The Performance Analysis of Private Conventional Banks: A

Case Study of Bangladesh

Samina Haque

BRAC Business School, BRAC University, Bangladesh

Abstract

: This study attempts primarily to measure the financial performance of some selected private

commercial banks in Bangladesh for the period 2006-2011 and to identify whether any relationship exists between a bank’s years of operation and its performance. For this purpose five banks have been selected from different generations. The financial performances of these banks have been scrutinized from the following four dimensions: (1) profitability (2) liquidity (3) credit risk and (4) efficiency. The study concluded that there is no specific relationship between the generation of banks and its performance. The performances of banks are dependent more on the management’s ability in formulating strategic plans and the efficient implementation of its strategies. The study findings can be helpful for management of private commercial banks in Bangladesh to improve their financial performance and formulate policies that will improve their performance. The study also identified specific areas for each bank to work on which can ensure sustainable growth for these banks.

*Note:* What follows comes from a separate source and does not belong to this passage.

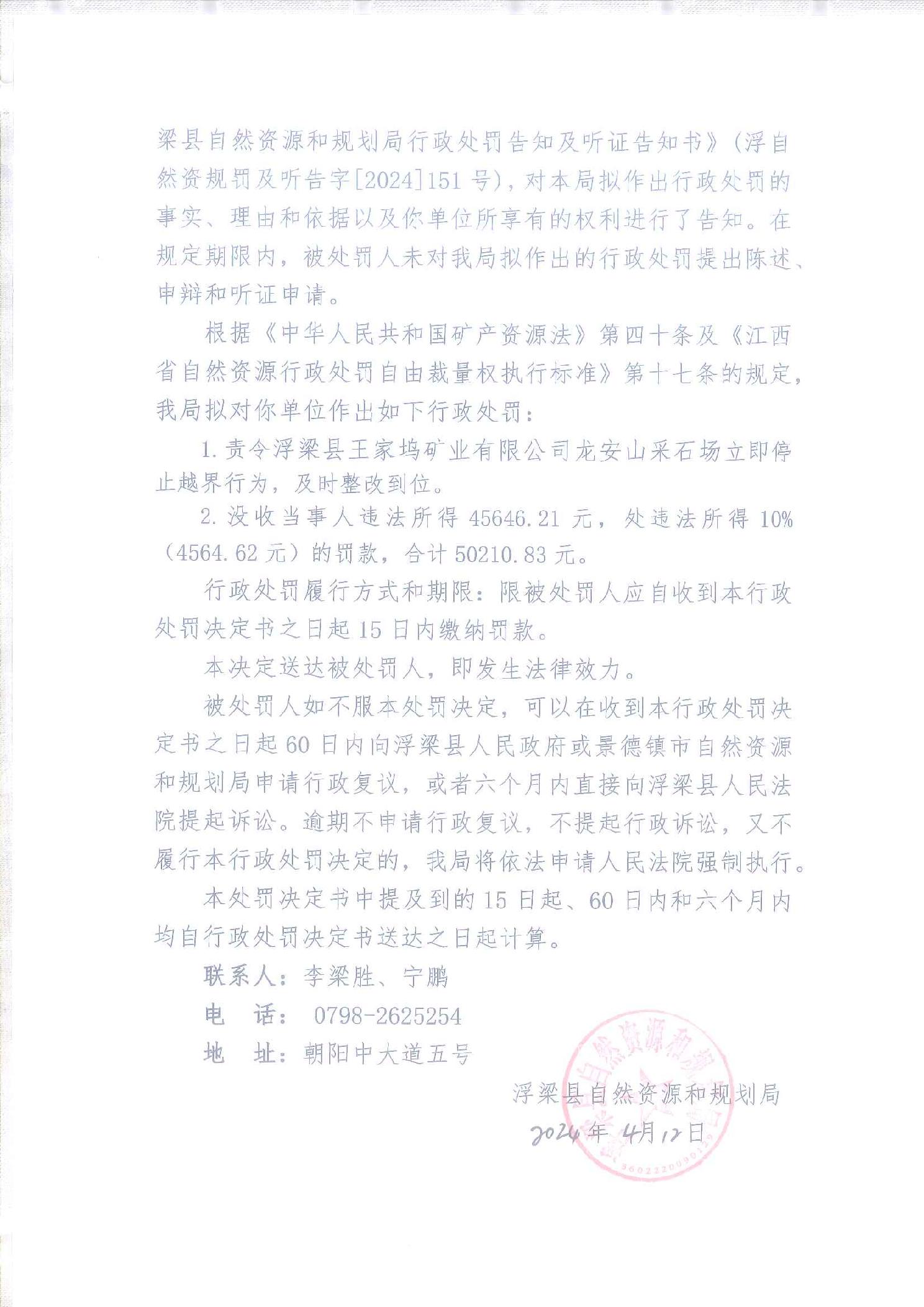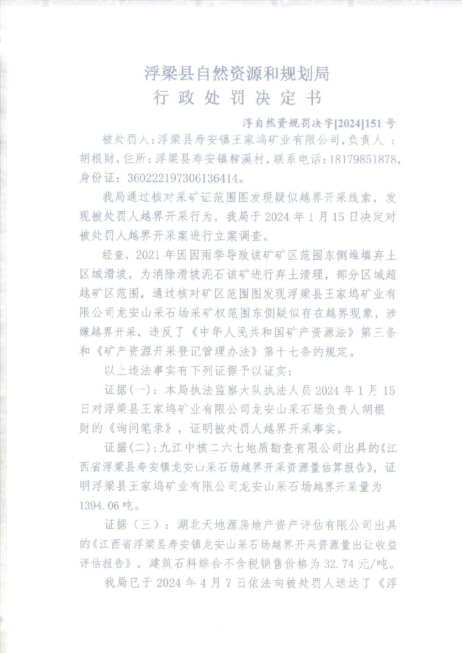 浮梁县自然资源和规划局行政处罚决定书 浮自然资规罚决字【2024】151号

Keywords: Private commercial banks, performance analysis, financial ratios.

I. Introduction The banking sector of Bangladesh is comparatively larger than many comparable economies with similar level of development and per capita income. The total size of the sector at present is 61% of GDP, which is proportionately large for a country with a per capita income of only about US$870. [Source: Bangladesh Bank Quarterly Review, 2011] The Banking sector of Bangladesh is divided into four categories of scheduled Banks. These are Nationalized Commercial Banks (NCBs), Government Owned Development Financial Institutions (DFIs), Private Commercial Banks (PCBs), and Foreign Commercial Banks (FCBs). Of them, the commercial banks are the most dominant one, accounting for more than 80% of all financial system assets. These commercial banks are subdivided based on ownership as state-owned commercial banks (SOCBs), private commercial banks (PCBs) and foreign commercial banks (FCBs). At present there are 43 commercial banks in Bangladesh, comprising 4 SOCBs, 30 PCBs and 9 FCBs.

The banking sector of Bangladesh is continuously growing with new banks coming in every now and then. Considering the year of establishment the banking sector of Bangladesh is classified in three generations.

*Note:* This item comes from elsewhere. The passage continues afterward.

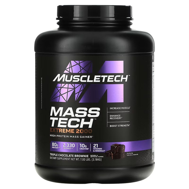 فرمول برتر Muscletech Mass Tech Extreme 2000 حاوی 80 گرم پروتئین، بیش از 400 گرم کربوهیدرات و 2000 کالری (اگر با 16 اونس شیر بدون چربی مخلوط شود) به اضافه 8 گرم L-لوسین، 10 گرم کراتین و 10 گرم کراتین و ... ویتامین ها و مواد معدنی که به افزایش توده عضلانی و قدرت کمک می کنند.

Banks who have started its’ operation from the period of 1971-1990 are classified as first generation banks. Banks incorporated from the period of 1991-2000 are classified as second generation banks. All banks getting license from 2000 till now are classified as third generation banks. As such this study has taken sample from all the three generations to get an overall idea about the financial performance of commercial banks of Bangladesh.

As discussed banking industry is a vital part of the financial system in Bangladesh. Thus, its successes or failure strongly affect the growth of the economy as well as its future prospect. In view of the above, a study of financial performance of banks in Bangladesh is useful to various interest groups such as the government, central bank and the community.

The study has been designed to measure the financial performance of some selected private commercial banks in Bangladesh through financial rations and trend analysis for the period 2006-2011. The selected banks have been evaluated from four dimensions: 1) Profitability, 2) Liquidity, 3) Credit Risk,4) Efficiency. The trend analysis has been undertaken to identify whether these banks are moving forward and how effectively these banks are coping up with the overall growth of other players in the industry. Moreover, the sample has been taken from different generations of banks to determine whether there exists any relationship between a bank’s years of operation and its financial performance.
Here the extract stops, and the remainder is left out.